ここまで挙げた論点は、多少は自分にとってインセンティブになっているようにも思われるが、主要なものではない。しかし、実際問題、自分はいまのところ授業あるいは勉強にモチベーションを発揮できていると認識している。となると何かしら他のモチベーションが存在することになるが、さてそれはいったいなんだろうか。あれこれ考えてはいるが、つまるところ、①好奇心②とにかく何かしら全速力で走っておかないとまずいんじゃないかという根拠レスな不安の2つあたりかなと感じている。

①好奇心
日本で受験とか熱心にやったからかもしれないが、自分はさほど才能はないとはいえ勉強することや知識を得ることそれ自体に少なからず充足感を感じるような気がする。自分にとってMBAの勉強は金とか仕事のための手段というより、それ自体が目的であるような気がする。一言で言うと自己満足とかマスターベーションということになってしまうのかもしれない。しかもその知的好奇心や知的水準がむちゃくちゃ高いというわけでもないのが痛いとも思われる。でもまあそれはそれとして、自分にとっての最大の原動力は「勉強それ自体が楽しい」ということなんじゃないかと思う。UCLAあるいは米国教育法が知的好奇心を刺激してくれているという側面もあると思う。なので、自分は「勉強なんて二の次」とか「授業にはもう飽きたのでインターン云々」という考え方をする人のことを尊敬もするしぶっちゃけそういう考え方の方がPracticalなんだと思うが、自分の考え方とは違うと思っている。

②根拠なきストレッチ圧力
残念ながら自分も小さな人間であり、自分のことを絶対評価することはあまりできていない。やはり、基本は相対評価となってしまっている。彼より成績が悪いとか、彼女より出遅れているとか、あいつには負けてないなとか。
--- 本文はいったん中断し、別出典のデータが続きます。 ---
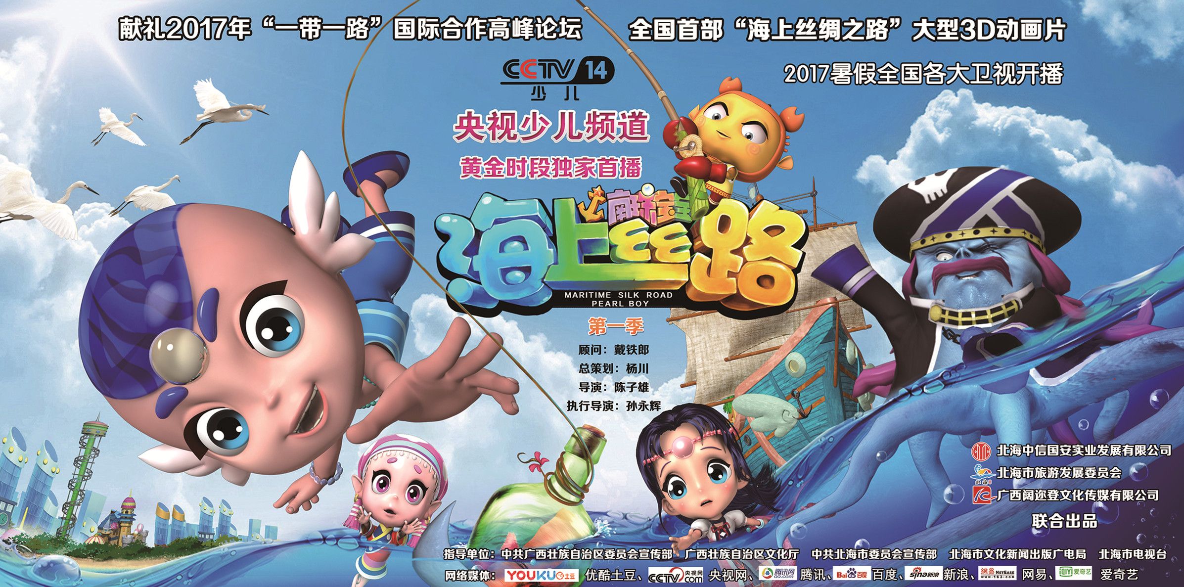《海上丝路南珠宝宝》动画片总投资3000万元,制作39集,每集12分钟,由国家认定动漫企业广西阔迩登文化传媒有限公司与北海艺术设计学院共同设计制作。是全国首部“一带一路”海上丝绸之路大型3D动画片。《海上丝路南珠宝宝》作品登陆中央电视台少儿频道、广西卫视及全国多家星级卫视、腾讯、优酷等媒体播出。获得广西第十四届精神文明建设“五个一工程”优秀作品奖,被评为广西首部优秀原创动画作品,是自治区党委宣传部扶持的重点文艺精品项目,国家文化出口重点项目。
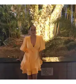 Fitted V-Neck cross over at bust. Tiered skirt with adjustable tie
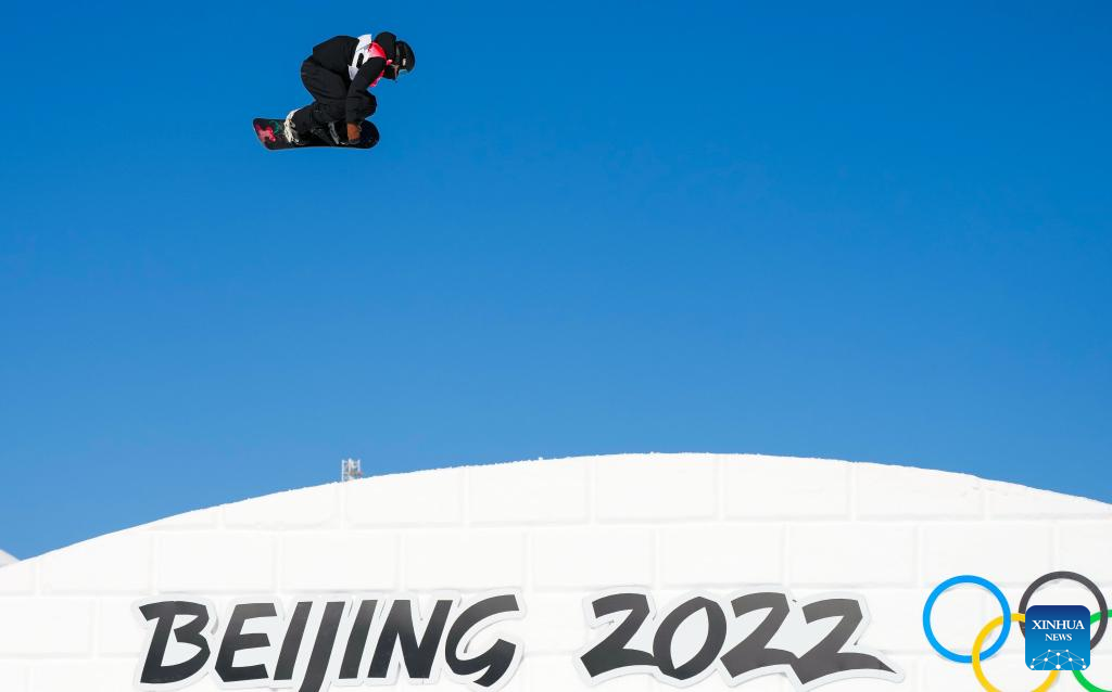 Murase Kokomo of Japan competes during the women's snowboard slopestyle final at the Genting Snow Park in Zhangjiakou, north China's Hebei Province, Feb. 6, 2022. (Xinhua/Xu Chang)

なので、会社の同期やら同世代の友人の活躍や努力は自分にとって割と刺激あるいはプレッシャーになる。自分の同世代の友人たちの殆どは留学ではなく仕事をしているので、金がかかっていることから自分には想像もつかないくらいの真剣さで仕事に取り組んでいるのではないかと推察される。必要な知識をインプットして、関係者を必死に説得して、寝る間を惜しんで一枚でも多く提案書を作って、等々。同世代の人々が必死にそれぞれの責務に取り組んでいることを考えると、MBAの2年間はアドバンテージというよりはリスクとなりうる。単に学校でのほほんとしているだけでも年率1%くらいは成長するかもしれないが、他の皆はこの2年間平均して年率10%くらいで腕を上げているとすると、相対的には自分の成長はマイナス9%になってしまう。。
今はツイッターやらFBがあるので、友人の頑張りやら頑張った結果やらが比較的簡単に参照できてしまう。あるいは目に入ってきてしまう。その結果、自身をつい相対評価してしまう自分としては否が応でも動揺してしまい、相対的にマイナス9%になってはしないかと不安になってしまうのだ。
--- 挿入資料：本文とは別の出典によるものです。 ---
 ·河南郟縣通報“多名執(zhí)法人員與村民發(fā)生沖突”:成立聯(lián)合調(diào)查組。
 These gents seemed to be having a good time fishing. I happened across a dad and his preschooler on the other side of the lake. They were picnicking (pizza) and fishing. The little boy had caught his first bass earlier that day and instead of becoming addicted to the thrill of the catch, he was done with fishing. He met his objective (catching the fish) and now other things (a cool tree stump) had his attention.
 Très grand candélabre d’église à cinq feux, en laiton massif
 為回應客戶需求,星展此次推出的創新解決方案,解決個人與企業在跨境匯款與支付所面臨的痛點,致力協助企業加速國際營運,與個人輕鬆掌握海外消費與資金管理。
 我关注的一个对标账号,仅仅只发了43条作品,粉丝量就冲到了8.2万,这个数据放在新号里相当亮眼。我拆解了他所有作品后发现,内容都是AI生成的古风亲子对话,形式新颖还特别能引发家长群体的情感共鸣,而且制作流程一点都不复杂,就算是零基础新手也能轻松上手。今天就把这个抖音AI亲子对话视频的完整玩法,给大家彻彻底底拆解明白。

とかなんとか考えると、じゃあ仕事すっかという発想もあるのかもしれないが、基本的には「今できること、すなわち学業を彼ら並みの必死さでやるしかないのではないか」という感じの発想が出てくる。この勉強が自分をあるべき方向に成長させてくれているかは皆目見当がつかない。勉強を頑張っても何にもならない可能性も少なくないような嫌な予感もないわけではない。それでも、今頑張れるものがこのくらいしかないのであれば、とりあえず勉強を頑張るしかないのではないか。少なくとも、何かを必死にやる慣習さえ身に着けておけば、帰国後「自分をあるべき方向に導いてくれるものそのものズバリ」について同程度の頑張りで取り組むことができるような気がする。仮に勉強が無意味なものであったとしても、全速力で取り組む慣習をつけておかなければ、目の前に意味のある何かがあらわれても直ちに全力疾走できないのではないだろうか。「自分でタスク作り過ぎて眠る時間が減ってしまい、その結果朝の目覚めが悪くて妻に愚痴を言ってしまう」とか、そのくらいのシンドイ状態に自分を追い込んでおかないと帰国後本番が訪れたときに全速力で走れない体になってしまうのではないか...
なんちゅうか、「将来どの分野に進むかわからないけど、とりあえず筋トレはしっかりやっておいた方がいい」みたいなイメージが自分のモチベーションの一つになっている気がする。なんだか極めて昭和的・情緒的な感じで、きわめて今風ではない気がするのでアレだが。


なんかしょぼいけど、目下はそういったものが自分のモチベーションなのではないかと感じている。まあそもそも自分の原動力が何か突き止める必要がそもそもないのかもしれないけど、つらつらと思ったので書き留めておいた。